What is expected:
Where the line containing "The Tate Sand" appears, end the copy there, keeping that line; start from the first line of the entries, copy exactly, and omit pictures.

(Records from a data source)
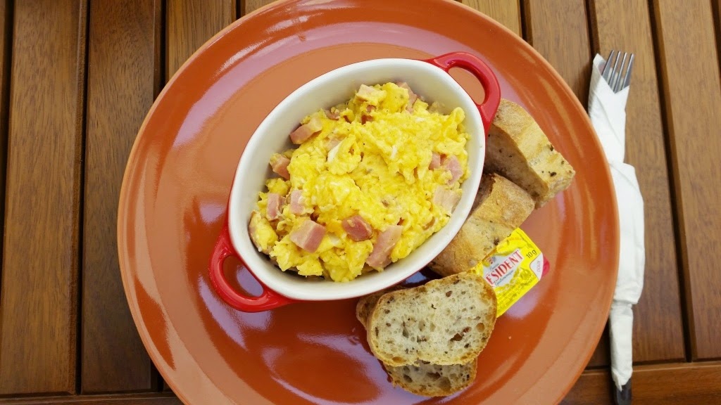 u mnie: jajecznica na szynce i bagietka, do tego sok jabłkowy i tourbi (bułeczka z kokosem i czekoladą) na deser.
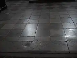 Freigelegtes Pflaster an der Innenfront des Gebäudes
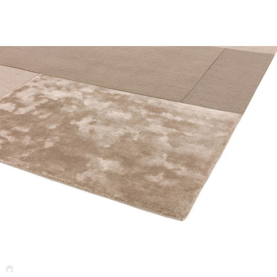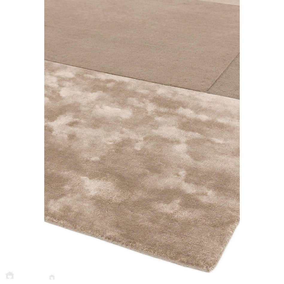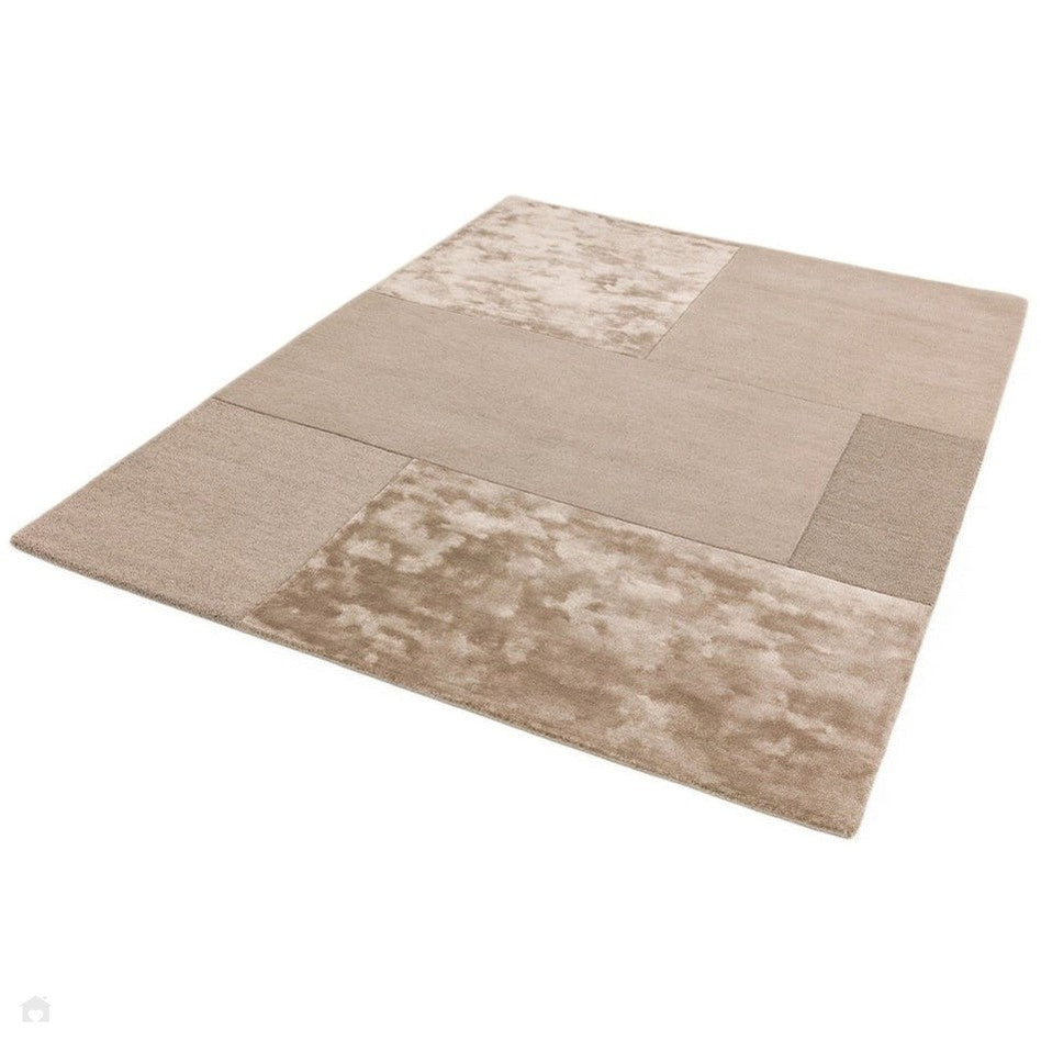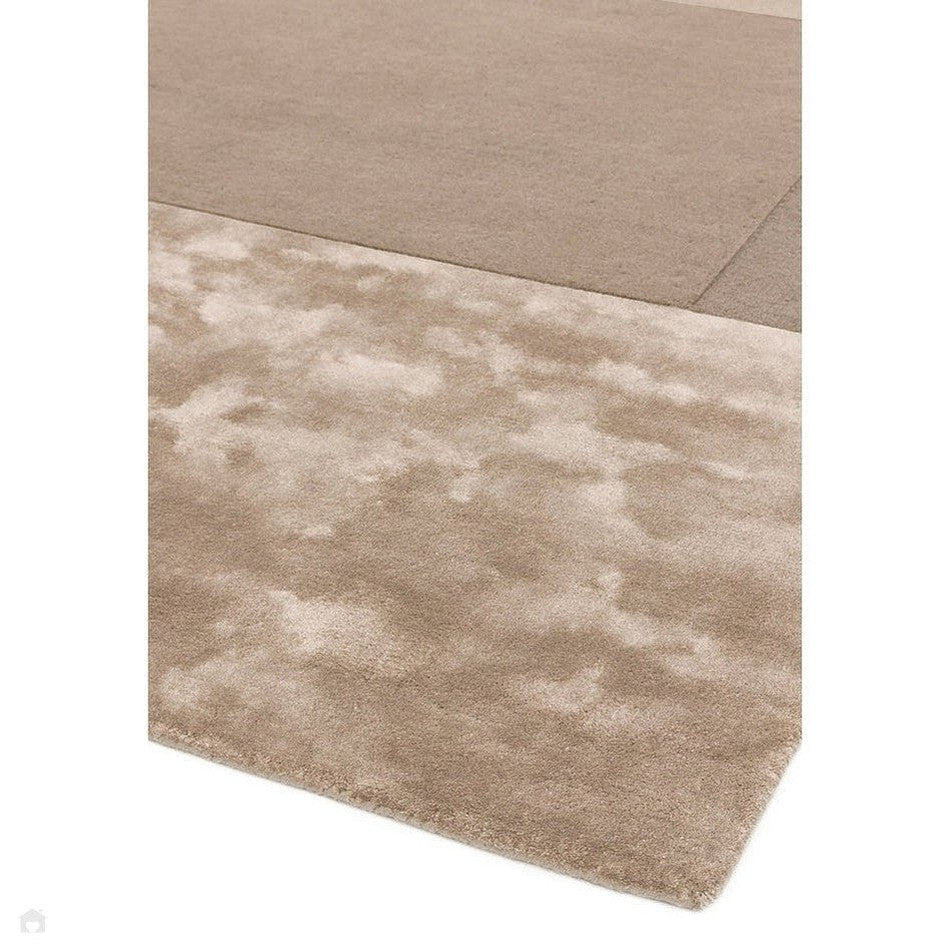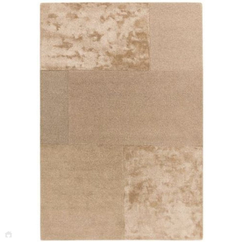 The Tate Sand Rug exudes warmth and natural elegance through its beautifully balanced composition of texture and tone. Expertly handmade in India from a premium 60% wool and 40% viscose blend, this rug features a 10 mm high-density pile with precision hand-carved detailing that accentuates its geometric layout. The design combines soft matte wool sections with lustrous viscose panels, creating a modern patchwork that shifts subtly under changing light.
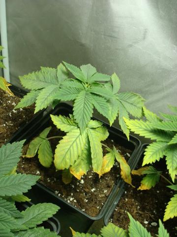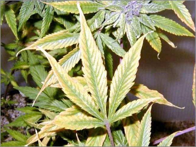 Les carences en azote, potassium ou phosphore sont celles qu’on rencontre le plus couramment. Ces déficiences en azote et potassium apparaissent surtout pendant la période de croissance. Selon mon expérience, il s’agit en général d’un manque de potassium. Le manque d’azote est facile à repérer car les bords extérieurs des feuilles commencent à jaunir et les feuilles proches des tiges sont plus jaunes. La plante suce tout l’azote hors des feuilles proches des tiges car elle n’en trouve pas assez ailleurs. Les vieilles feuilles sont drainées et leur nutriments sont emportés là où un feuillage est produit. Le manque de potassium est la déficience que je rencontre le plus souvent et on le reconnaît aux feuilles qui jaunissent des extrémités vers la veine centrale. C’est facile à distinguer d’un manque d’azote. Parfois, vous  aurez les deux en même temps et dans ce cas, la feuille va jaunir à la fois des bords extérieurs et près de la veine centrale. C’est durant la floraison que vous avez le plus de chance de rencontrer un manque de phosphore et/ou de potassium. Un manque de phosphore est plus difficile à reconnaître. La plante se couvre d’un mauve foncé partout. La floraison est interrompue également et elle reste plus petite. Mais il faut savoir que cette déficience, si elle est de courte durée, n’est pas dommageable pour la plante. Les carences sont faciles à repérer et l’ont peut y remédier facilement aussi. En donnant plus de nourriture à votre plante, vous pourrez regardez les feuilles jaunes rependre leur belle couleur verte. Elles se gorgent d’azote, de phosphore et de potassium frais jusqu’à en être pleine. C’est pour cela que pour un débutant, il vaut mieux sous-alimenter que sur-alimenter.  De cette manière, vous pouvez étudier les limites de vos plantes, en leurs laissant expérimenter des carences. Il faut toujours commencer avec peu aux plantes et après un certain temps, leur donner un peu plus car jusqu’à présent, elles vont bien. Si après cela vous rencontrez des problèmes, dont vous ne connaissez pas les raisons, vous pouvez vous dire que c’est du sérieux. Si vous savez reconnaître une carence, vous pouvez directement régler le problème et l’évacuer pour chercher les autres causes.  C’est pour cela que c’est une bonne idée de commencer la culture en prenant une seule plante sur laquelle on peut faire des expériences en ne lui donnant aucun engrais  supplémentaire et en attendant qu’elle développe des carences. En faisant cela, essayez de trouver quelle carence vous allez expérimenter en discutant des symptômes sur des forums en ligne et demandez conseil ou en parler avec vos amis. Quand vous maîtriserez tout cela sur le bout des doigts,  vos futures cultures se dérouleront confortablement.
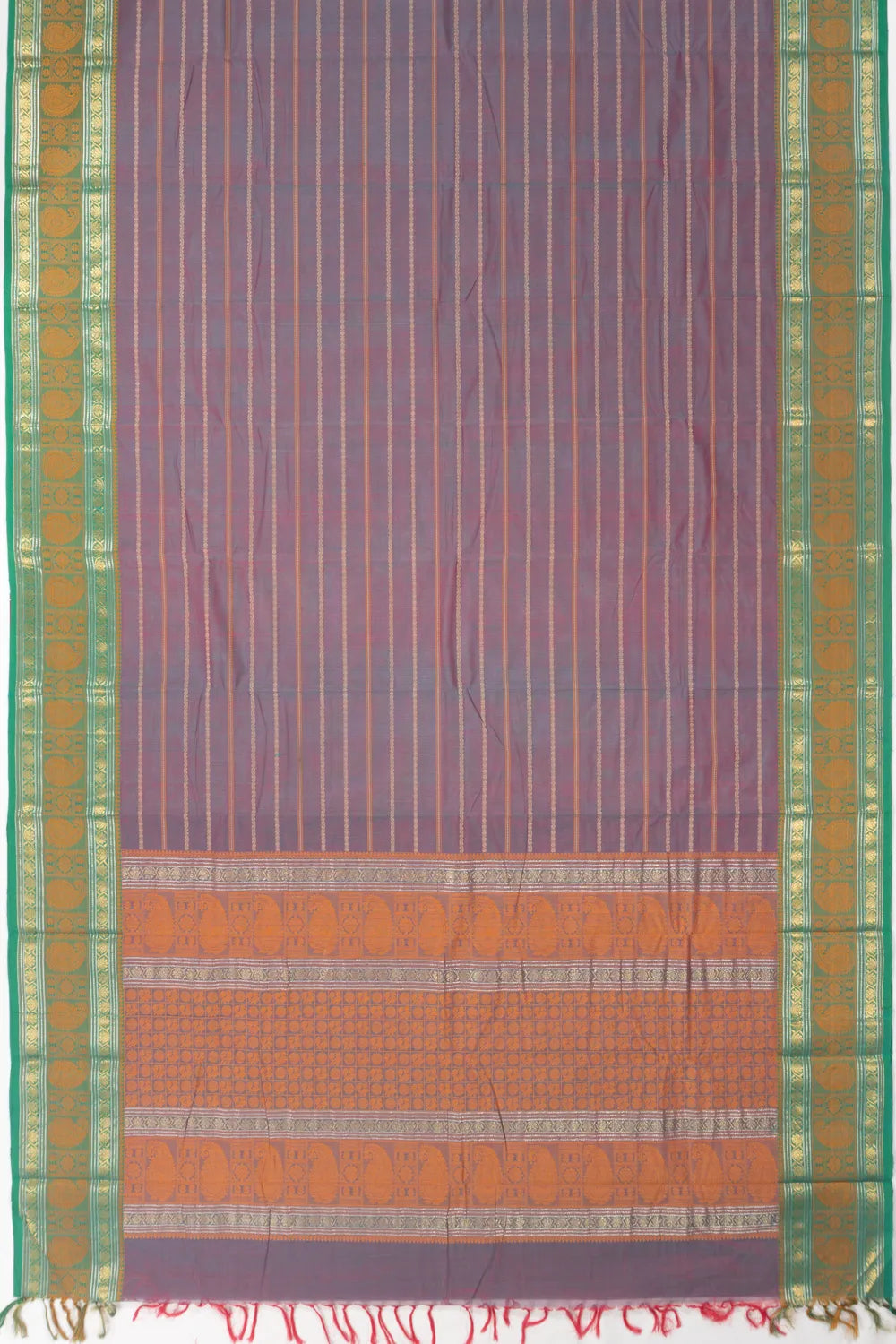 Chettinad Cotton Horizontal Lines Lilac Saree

Solution for this exercise:
 u mnie: jajecznica na szynce i bagietka, do tego sok jabłkowy i tourbi (bułeczka z kokosem i czekoladą) na deser.
 Freigelegtes Pflaster an der Innenfront des Gebäudes
 The Tate Sand Rug exudes warmth and natural elegance through its beautifully balanced composition of texture and tone. Expertly handmade in India from a premium 60% wool and 40% viscose blend, this rug features a 10 mm high-density pile with precision hand-carved detailing that accentuates its geometric layout. The design combines soft matte wool sections with lustrous viscose panels, creating a modern patchwork that shifts subtly under changing light.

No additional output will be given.